Singapore Aircraft Leasing Enterprise (SALE) said the deal comprises 20 firm orders and 20 purchase rights, with deliveries scheduled between the fourth quarter of 2006 and the end of 2009.
It did not give the value of the order.
"SALE has specified the 737-800 as the baseline aircraft for its order. Under the terms of its agreement with Boeing, SALE has the flexibility to convert orders and purchase rights to the smaller 737-700 or proposed higher capacity 737-900X," it said.
The unit of Singapore's state-controlled flag carrier said the fleet will be powered by engines from CFM International -- a joint venture between General Electric and France's Snecma.

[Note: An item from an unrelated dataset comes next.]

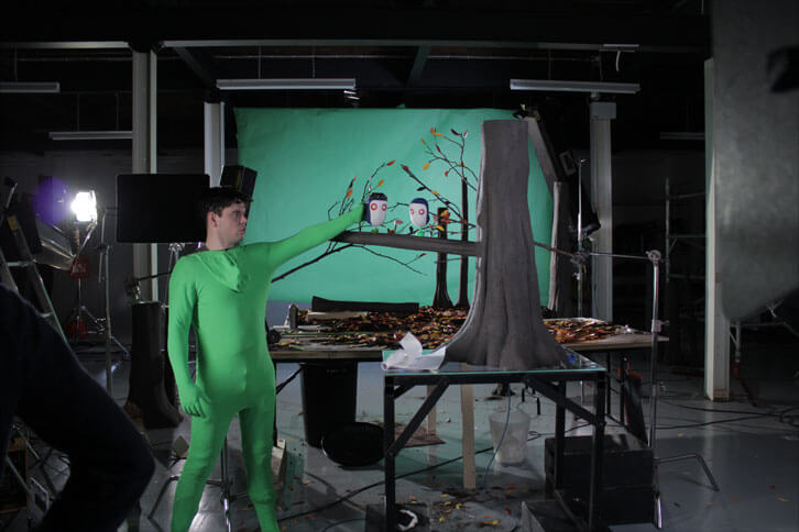 I was lucky enough to get funding under the Irish Film Board’s Frameworks scheme. I wanted to make it using a mix of live action puppets and 2d/ 3d animation. I did the character designs and then carved the character body shapes out of blue foam before giving them to Rentate Henshke to cover in felt. She did an amazing job! It took about nine months to make it from script to screen. The sets were built by a couple of brothers in Wicklow called the Fallovers. I think we ended up with 13 or 14 different sets/ locations in the film that we shot over a five day period. After that everyone working on the film was working remotely in different parts of the world. There was a 3d animator in Germany doing the lip/ beak sync animation, a guy in South Africa doing the 3d beak composites, a friend here in Dublin did all the 3d tracking/ rendering and I did all the 2d animation, compositing and roto. Meanwhile ECHOLAB were working on the music and sound design. Its weird to think about it but at no stage did any of us meet up- it was all done over the internet.

The purchase represents SALE's first direct order with Boeing for the "Next-Generation" 737 product line, although the company has previously acquired eight aircraft from airlines on a purchase and leaseback basis, it said.
SALE already has outstanding firm orders with Airbus for 11 A320s, due for delivery between now and the end of the second quarter of 2006.
Robert Martin, SALE Managing Director and CEO, said the order reflected the strong recovery in demand for leased aircraft and would further diversify the firm's portfolio.
"The addition of the aircraft to our portfolio will therefore enable SALE to reach a wider range of airline customers and significantly develop our global business," he said.
SALE's current portfolio comprises 61 aircraft flying with 30 airlines worldwide with an average fleet age of 4.6 years.